Gilson Martins – O processo de criação das minhas coleções é uma fusão entre seguir as tendências tradicionais de verão e inverno para atender aos clientes que buscam esse formato, e explorar livremente minhas criações aleatórias, que surgem a partir de percepções e intuições do dia a dia. O que mais me apaixona é justamente essa liberdade de experimentar e inovar, utilizando materiais não convencionais como o grande diferencial do meu trabalho. Desde materiais automobilísticos a decorativos, passando por itens de vestuário e construção, tudo é transformado em bolsas através do meu olhar criativo.
A possibilidade de explorar e dar nova vida a materiais diversos é o cerne do meu processo criativo. Tenho a sorte de contar com uma fábrica própria, onde produzo tudo internamente, garantindo o controle total sobre o processo de fabricação e buscando sempre o melhor em termos de qualidade.
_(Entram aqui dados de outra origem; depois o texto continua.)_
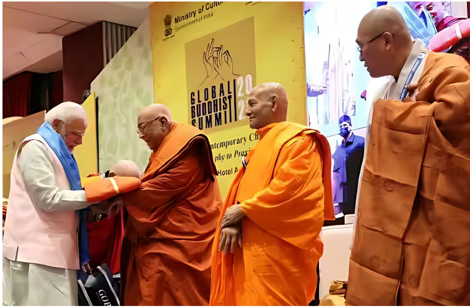
Prime Minister offering Chivara Dana to the supreme members of Holy Sangha at the Global Buddhist Summit

Buddha. For the war and unrest that the world is suffering today, the Buddha had given solutions centuries ago.
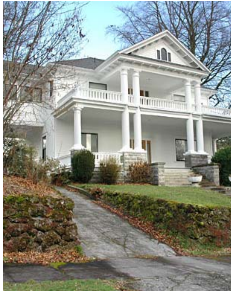
Farrell House, Camas, 1915
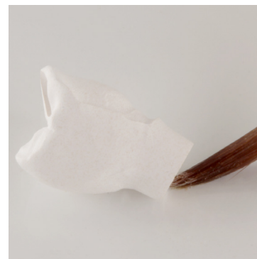
Apply LightBlock liquid to the inside of the restoration.
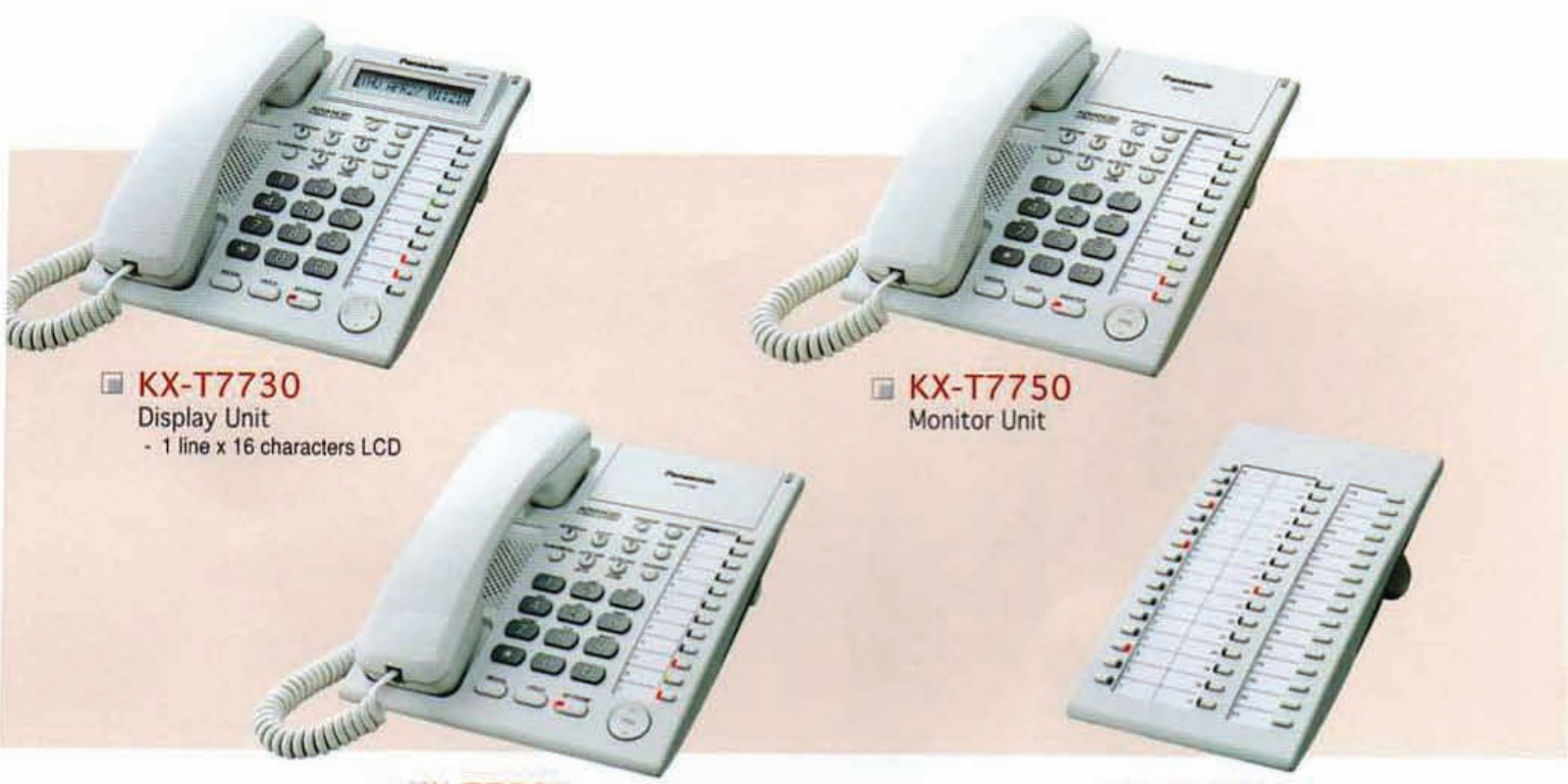
KX-T7730 Display Unit - 1 line x 16 characters LCD

Cada peça que sai da minha fábrica é única, carregando consigo não apenas a história dos materiais que a compõem, mas também a minha dedicação e paixão pelo processo de criação. Essa abordagem artesanal e autêntica é o que define verdadeiramente o meu trabalho e o torna tão especial para mim e para os meus clientes.
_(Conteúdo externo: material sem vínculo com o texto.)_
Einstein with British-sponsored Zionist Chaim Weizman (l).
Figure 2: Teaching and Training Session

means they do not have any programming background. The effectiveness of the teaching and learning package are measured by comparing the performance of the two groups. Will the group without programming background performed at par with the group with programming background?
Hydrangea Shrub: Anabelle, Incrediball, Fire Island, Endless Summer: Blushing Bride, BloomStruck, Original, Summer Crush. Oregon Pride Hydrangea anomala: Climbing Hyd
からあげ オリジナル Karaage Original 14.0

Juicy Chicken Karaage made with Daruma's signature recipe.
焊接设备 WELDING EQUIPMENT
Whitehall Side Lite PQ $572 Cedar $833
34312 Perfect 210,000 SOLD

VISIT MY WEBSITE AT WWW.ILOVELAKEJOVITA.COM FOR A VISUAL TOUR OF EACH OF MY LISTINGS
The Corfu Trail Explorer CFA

Em Foco – No mercado, quais são os seus principais clientes?
Gilson Martins – No varejo, em minhas lojas, atendo uma ampla gama de clientes de todos os estilos e idades. Produtos simples, funcionais e duráveis agradam a todos os públicos, e é comum ouvir deles que o único problema das bolsas é que duram demais. Em tom de humor, costumo responder: “Agora entendo porque não fiquei rico”.
Além do varejo tradicional, também contamos com muitos clientes do segmento corporativo, como Coca-Cola, L’Oréal, Tim, entre outros. O interesse dessas empresas pelo meu trabalho é notável, pois valorizam a singularidade e a qualidade dos produtos oferecidos. Afinal, para elas, é crucial associar suas marcas a produtos que transmitam excelência e originalidade.
Atualmente, meus principais clientes são da rede hoteleira, lojas de souvenirs e o Flamengo, para o qual sou marca oficial de bolsas. O interesse dos clientes corporativos destaca ainda mais a qualidade e a singularidade do meu trabalho, consolidando a reputação da minha marca no mercado.
Em Foco – O Rio de Janeiro te inspira. Como a cidade aparece em suas produções artísticas? Deixa uma mensagem para os seus admiradores.
Gilson Martins – Nasci e cresci no Rio de Janeiro, onde os ícones como o Pão de Açúcar, o Cristo Redentor e outros pontos turísticos eram como brinquedos para mim. Da minha casa, eu via os Arcos da Lapa, a Central do Brasil, a Ponte Rio-Niterói e a igreja da Penha. Essa cidade incrível sempre inspirou minhas criações ao longo da minha carreira. Incorporar esses elementos em meu trabalho não apenas homenageia minha cidade natal, mas também compartilha sua beleza e cultura com o mundo.
Estou buscando uma parceria empresarial para expandir minha marca e minha música, com foco na internacionalização. Meu novo EP, composto por cinco músicas originais, marca o início de uma série anual de lançamentos. Busco uma empresa visionária para fortalecer nossa presença no Brasil e explorar novos mercados globais. Estou aberto a colaborações que compartilhem nossa visão de homenagear o Rio através da arte e da música.
Para os meus admiradores, expresso um enorme agradecimento pela sua fidelidade e pelos tantos elogios e histórias que compartilham comigo sobre encontros e conexões através da minha criação. É graças ao apoio e reconhecimento deles que minha jornada ganha significado e inspiração. Cada palavra de incentivo e cada experiência compartilhada enriquecem não apenas o meu trabalho, mas também a minha vida. Agradeço por fazerem parte dessa jornada e por tornarem possível a realização dos meus sonhos. É com humildade e gratidão que continuo buscando me superar e oferecer o melhor de mim em cada criação. Eles são verdadeiramente parte essencial do meu sucesso e da minha trajetória.